Evidence favoring simplicity has continued to appear over the past quarter century. Why then is there such a strong interest in complex regression analyses? Perhaps this is due to academics’ preference for complex solutions, as Hogarth (2012) describes.

Somewhere I encountered the idea that statistics was supposed to aid communication. Complex regression methods and a flock of diagnostic statistics have taken us in the other direction.

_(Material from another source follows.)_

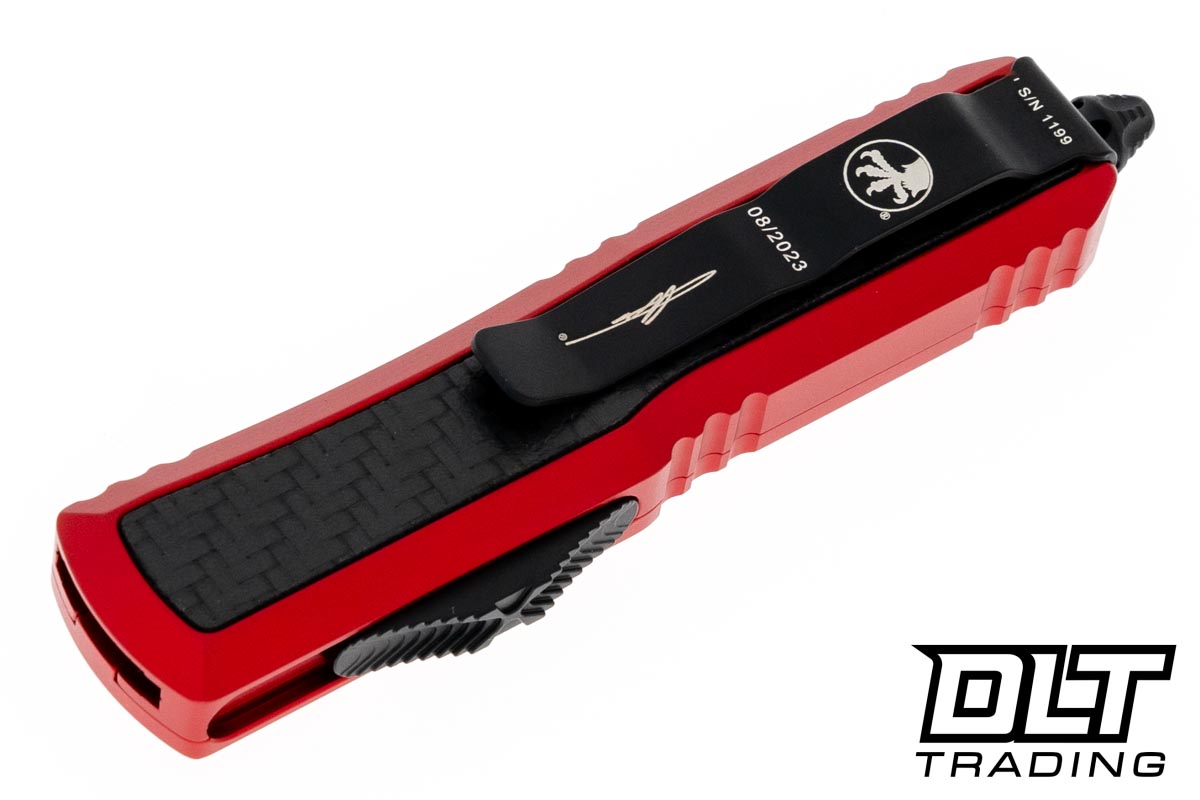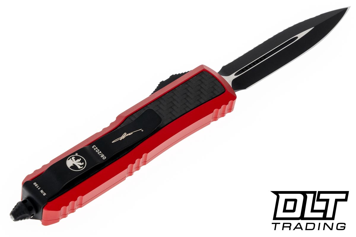 Microtech 126-3RDCFIS Daytona D/E - Red Handle - Carbon Fiber Inlay - Black Blade - Signature Series

The solution is that, when specifying a model, rely upon a priori analysis. Follow Zellner's (2001) advice and use Occam’s Razor.[Footnote] In other words, keep it simple. Start with a very simple model, such as a no-change model, and then add complexity only if there is experimental evidence to support the complication. And do not try to estimate relationships for more than three variables in a regression (findings from Goldstein and Gigerenzer, 2009, are consistent with this rule-of-thumb).

Illusion that regression models are sufficient: Forecasts are often derived only from what is thought to be the best model. This belief has a long history in forecasting.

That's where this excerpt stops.